Easter Traditions in New Mexico

Easter Traditions in New Mexico. Around the world spring is a season of rebirth. As the air gets warmer and the days get longer, as buds begin to show and baby animals begin their lives on earth, our thoughts and even traditions mimic this burst of energy and renewal.  In the Pueblos and all along the Rio Grande, men gather to clean out the ancient acequiasin preparation for the irrigation water that will soon fill them, flowing in rhythmic harmony into the many crops and fields that feed our valley all summer long.

In almost every New Mexico community, while the air and ground still carry a freeze that warms into pleasant afternoons, we celebrate the cycle of life with our matanazs — a tradition from Spain. During the matanza, family and friends wake up before dawn to slaughter a pig, carefully butchering it the old fashioned way and preparing every body part over an open fire during a community feast that carries on into the night.

Easter traditions in New Mexico stretch back to the first Spanish settlers

Anglo, Latino, or Indigenous, from the rivers to the mesas, we feast and give thanks for a new year as our people have always done. And then the time of Lent arrives and for many, many New Mexicans the age-old preparations for Holy Week begin, as they have for centuries reaching back to 16th century Spain and New Mexico’s first Catholic settlers. For Easter in New Mexico is more than a time of baskets and bunnies.
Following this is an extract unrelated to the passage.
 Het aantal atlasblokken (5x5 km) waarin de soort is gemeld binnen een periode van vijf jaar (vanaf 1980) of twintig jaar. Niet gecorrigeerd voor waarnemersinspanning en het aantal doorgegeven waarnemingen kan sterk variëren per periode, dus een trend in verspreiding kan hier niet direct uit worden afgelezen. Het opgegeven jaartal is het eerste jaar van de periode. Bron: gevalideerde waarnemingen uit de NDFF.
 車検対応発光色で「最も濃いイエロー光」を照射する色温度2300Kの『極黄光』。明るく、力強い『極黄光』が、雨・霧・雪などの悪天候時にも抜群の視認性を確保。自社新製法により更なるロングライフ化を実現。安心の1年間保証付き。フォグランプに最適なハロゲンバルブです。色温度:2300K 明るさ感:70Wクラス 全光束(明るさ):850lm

Thousands of pilgrims make the walk to El Santuario de Chimayo on or during Good Friday

 It is the tradition of tens of thousands of people to make a pilgrimage to one of two holy sites in New Mexico on or around Good Friday – by foot and sometimes beginning days in advance from as far as 100 miles away. The first, and by far most famous site of the annual pilgrimage is El Santuario de Chimayo in northern New Mexico where it is said that the soil itself creates miracles. Though Tomé Hill with its depiction of the crosses of Calvary in central New Mexico also draws in hundreds if not thousands of the people seeking a miracle, penance, or simply a connection to Christ. Some walk to keep a promise they’ve made to God, others spend the time praying for loved ones, and others still walk for the forgiveness of their sins.

Tome Hill
Tomé Hill draws in hundreds of the devout in the days before Easter

Regardless of the personal reasons one might have for this pilgrimage, it is a profound experience for participant and observer alike and one that is so beautifully representative of the essence of New Mexico – a land where beauty and pain have learned to live hand in hand, creating a culture seeped in passion and artistry in the most unexpected places.